4 Python Libraries for Basic Data Science

For levels 1 and 2 data science, mastery of pandas, numpy, matplotlib, and scikit-learn is essential

Image by Benjamin O. Tayo

Introduction

For levels 1 and 2 data science, mastery of pandas, numpy, matplotlib, and scikit-learn libraries is essential. If you master these 4 packages, then you should be able to perform level 1 and 2 tasks using Python, as outline below.

Image by Benjamin O. Tayo

1. Basic Level

At level one, a data science aspirant should be able to work with datasets generally presented in comma-separated values (CSV) file format. They should have competency in data basics; data visualization; and linear regression.

Be able to manipulate, clean, structure, scale, and engineer data. They should be skilled in using pandas and numpy libraries. Should have the following competencies:

  • Know how to import and export data stored in CSV file format
  • Be able to clean, wrangle, and organize data for further analysis or model building
  • Be able to deal with missing values in a dataset
  • Understand and be able to apply data imputation techniques such as mean or median imputation
  • Be able to handle categorical data
  • Know how to partition a dataset into training and testing sets
  • Be able to scale data using scaling techniques such as normalization and standardization
  • Be able to compress data via dimensionality reduction techniques such as principal component analysis (PCA)

Be able to understand the essential components of good data visualization.
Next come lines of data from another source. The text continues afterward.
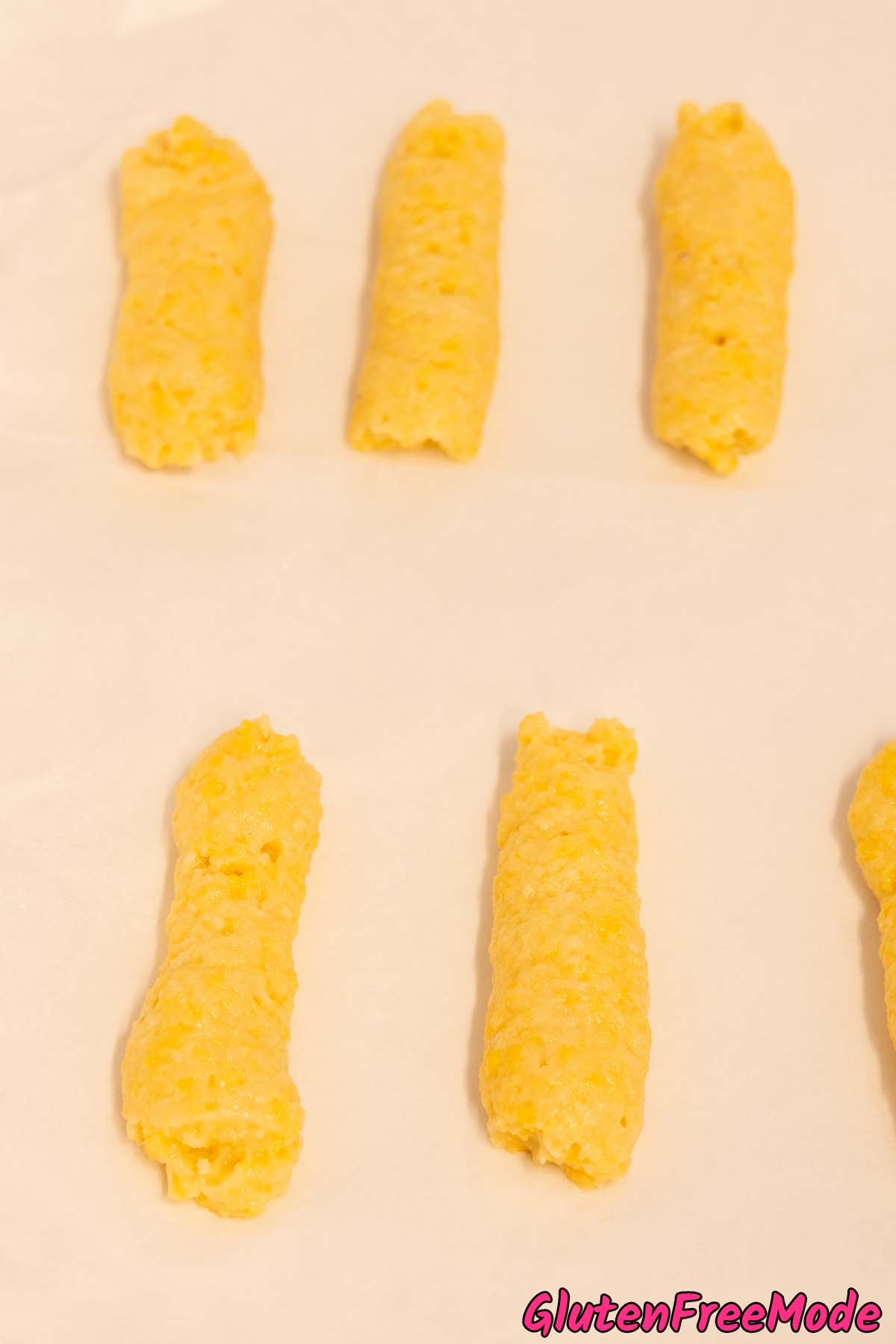 - Add the mixture to a piping bag. Pipe 1 to 2-inch tubes onto the lined baking sheet.
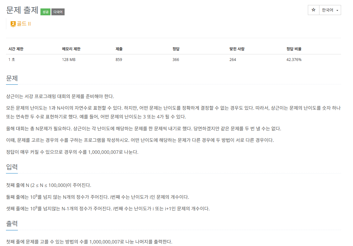 dp[i][1] = (((dp[i-1][0]+dp[i-1][1])%MOD_NUM*cont[i-1])%MOD_NUM + dp[i-1][2]*(cont[i-1]-1<0?0:cont[i-1]-1)%MOD_NUM)%MOD_NUM;
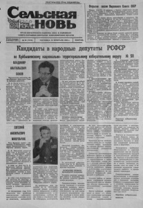 ПРОЛЕТАРИИ ВСЕХ СТРАН, СОЕДИНЯЙТЕСЬ! ОРГАН КАРАСУКСКОГО РАЙКОМА КПСС И РАЙОННОГО СОВЕТА НАРОДНЫХ ДЕПУТАТОВ НОВОСИБИРСКОЙ ОБЛАСТИ Газета основана 2 октября 1930 г. № 20 (7379) ПЯТНИЦА, 16 ФЕВРАЛЯ 1990 г. Цена 3 кои. Открытие сессии Верховного Совета СССР Москва. (ТАСС). 14 февраля в Кремле совместным заседа нием Совета Союза и Совета Национальностей начала работу третья сессия Верховного Совета СССР. Вступительным сло вом сессию открыл Председатель Верховного Совета СССР М. С. Горбачев. Повестка дня сессии весьма разнообразна и насыщена, на мечается обсудить 50 вопросов, из них 20 нуждаются в перво очередном рассмотрении. В повестке дня — предложение Пре зидиума Верховного Совета СССР о созыве в ближайшее время внеочередного Съезда народных депутатов СССР. Его проведе ние диктуется необходимостью внести ряд изменений, дополне ний в Конституцию СССР по вопросам политической системы, собственности, укрепления Советского государства, рассмотреть вопрос об учреждении демократической президентской власти в нашей стране. . Большое внимание на сессии будет уделено проектам фунда ментальных экономических законов — таких как о собствен ности, о земле, о социалистическом предприятии, налоговой системе, об общих началах местного самоуправления и местно-, го хозяйства, законопроектам, важным в социальном плане. Кандидаты в народные депутаты РСФСР по Куйбышевскому национально- территориальному избирательному округу № 58 ВЛАДИМИР . АНАТОЛЬЕВИЧ БОКОВ Председатель исполкома Но восибирского областного Сове та народных депутатов. В. А. Боков родился в 1927 году в деревне Бурнаши Ту- таевского района Ярославской области. Трудовую деятель ность начал в 1948 году пос ле окончания Рыбинского авиа ционного техникума. Работал литейщиком, мастером, стар шим мастером на Омском мо торостроительном заводе им. Баранова. В эти же годы без отрыва от произвбдства окончил физико-математичес кий факультет Омского педа гогического института. В 1952 году вступил в КПСС. С 1954 года В. А. Бо ков на партийной работе: сек ретарь цеховой партийной ор ганизации моторостроительно го завода, а затем инструктор, заведующий отделом, секре тарь Октябрьского райкома партии г. Омска. В 1958 — 1963 годах — заместитель за ведующего отделом партийных органов Омского обкома КПСС. С 1963 года В. А. Бо ков вновь работает на заводе им. Баранова секретарем парт кома. В 1965 году коммунисты Центрального района г. Омска избирают его . первым секрета рем райкома КПСС. С 1967 года он работает заведующим отделом легкой, пищевой про мышленности и торговли, за ведующим отделом организа ционно-партийной работы Ом ского обкома КПСС. С января 1973 года В. А. Боков тру дится в качестве инструктора отдела организационно-партий ной работы ЦК КПСС. В 1979 году он избирается вто рым секретарем Новосибир ского обкома КПСС, а в 1983 году — председателем испол нительного комитета Новоси бирского областного Совета народных депутатов. На всех участках партийной и советской работы В. А. Бо ков зарекомендовал себя энер гичным, принципиальным и требовательным руководителем. Он является членом бюро об кома КПСС, депутатом двух последних созывов Верховно го Совета РСФСР, членом Президиума Верховного Сове та РСФСР, депутатом област ного Совета народных депута тов. Был делегатом XXVI и ХХѴП съездов КПСС, XIX партийной конференции. Трудова
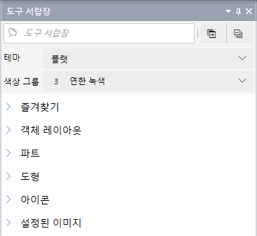 [도구 서랍장]은 프로젝트에 추가할 개체와 블록을 선택할 수 있는 컨텍스트 기반 창입니다.
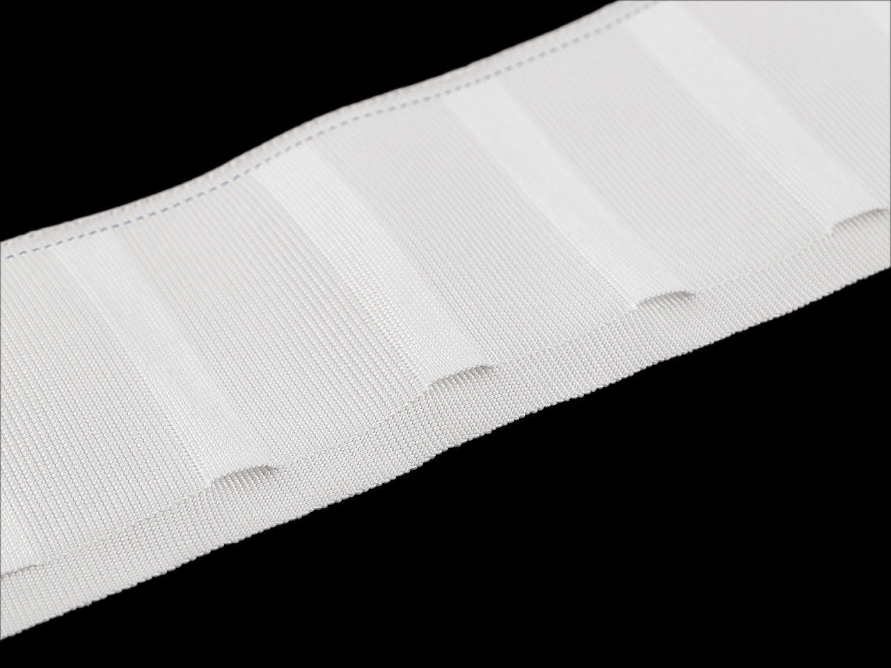 Řasící stuha na závěsy s poutky na kovové háčky je ideálním řešením pro zavěšení těžších závěsů a záclon. Díky své pevnosti a pravidelně rozmístěným poutkům (každých 25 mm, celkem 29 poutek na 1 metr) zajišťuje dokonalé a esteticky vyvážené řasení. Stuha je vhodná zejména pro závěsy z těžších materiálů, kde potřebujete spolehlivé upevnění a elegantní vzhled. Výhody produktu: vysoká pevnost, snadná instalace na kovové háčky, pravidelné a rovnoměrné řasení, vhodná pro těžké látky. Zvolte tuto řasící stuhu a dodejte svým oknům profesionální a stylový vzhled.
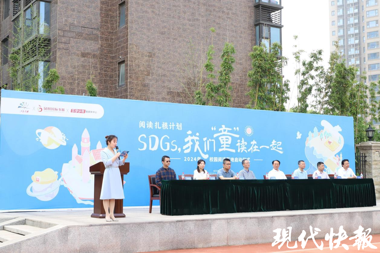 现代快报讯(记者郑文静)近日,由江苏省全民阅读促进会指导,南京凤凰国际书城联合乐学少年融媒体中心共同主办的“SDGs,我们‘童’读在一起”系列阅读活动之“校园阅读基地”启动仪式在南京市立贤小学举行。作为南京凤凰国际书城4·23“世界读书日”系列读书活动的延续,该活动同时也拉开了书城迎“六一”活动的序幕。
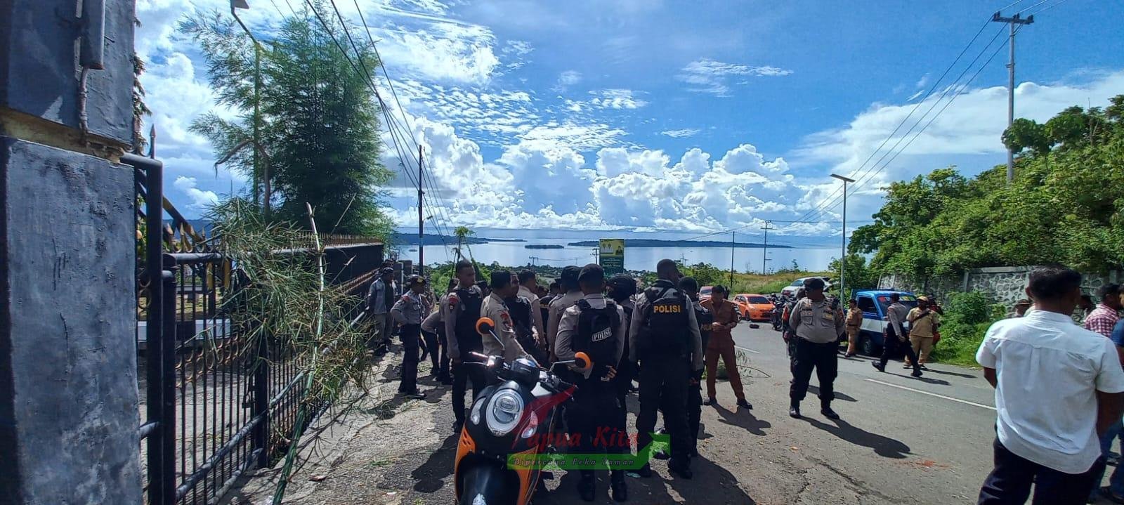 Aksi ini mendapat respon dari Satuan Polisi Pamong Praja (Sat. Pol PP). Ketua Satpol PP Yusuf Kayukaitui mencoba berdialog dengan massa. Alih-alih meminta segel kantor dibuka, kehadiran Yusuf justru ditolak. Yusuf sempat bersitegang dengan massa.
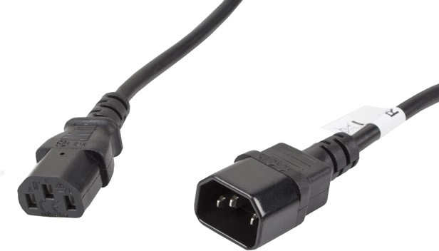 Standardkombinationen IEC 320 C13 (hun) og IEC 320 C14 (han) for nem tilslutning til strømforsyninger på pc'er, servere og UPS.
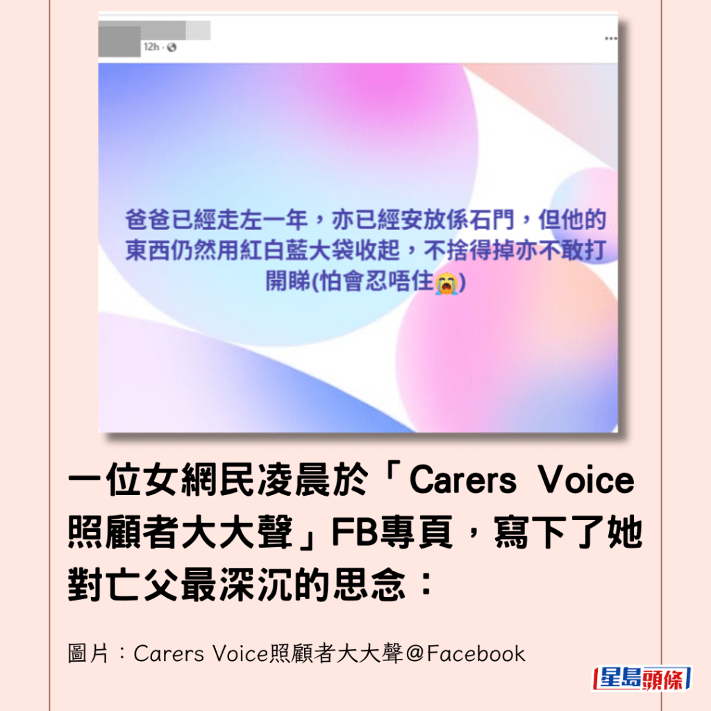一位女網民今日(16日)凌晨於「Carers Voice照顧者大大聲」FB專頁,寫下了她對亡父最深沉的思念:「爸爸已經走咗一年,亦已經安放係石門(石門靈灰安置所),但他的東西仍然用紅白藍大袋收起,不捨得掉亦不敢打開睇(怕會忍唔住)。」
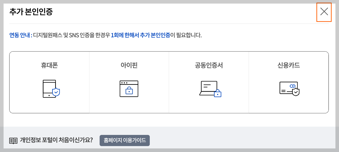 추가 본인인증도 1번 진행해야합니다. 휴대폰, 아이핀, 공동인증서, 신용카드 추가 인증이 가능합니다.
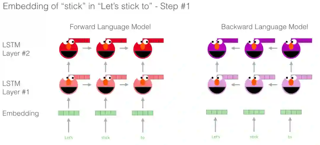 在上图中,我们可以看到 ELMo 头部上方展示了 LSTM 的每一步的隐藏层状态向量。在这个预训练过程完成后,这些隐藏层状态在词嵌入过程中派上用场。
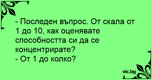 - Последен въпрос. От скала от 1 до 10, как оценявате способността си да се концентрирате?

Be able to use data visualization tools including Python’s matplotlib and seaborn packages. Should understand the essential components of good data visualization:

  • Data Component: An important first step in deciding how to visualize data is to know what type of data it is, e.g., categorical data, discrete data, continuous data, time-series data, etc.
  • Geometric Component: Here is where you decide what kind of visualization is suitable for your data, e.g., scatter plot, line graphs, bar plots, histograms, Q-Q plots, smooth densities, boxplots, pair plots, heatmaps, etc.
  • Mapping Component: Here, you need to decide what variable to use as your x-variable and what to use as your y-variable. This is important especially when your dataset is multi-dimensional with several features.
  • Scale Component: Here, you decide what kind of scales to use, e.g., linear scale, log scale, etc.
  • Labels Component: This includes things like axes labels, titles, legends, font size to use, etc.
  • Ethical Component: Here, you want to make sure your visualization tells the true story. You need to be aware of your actions when cleaning, summarizing, manipulating, and producing a data visualization and ensure you aren’t using your visualization to mislead or manipulate your audience.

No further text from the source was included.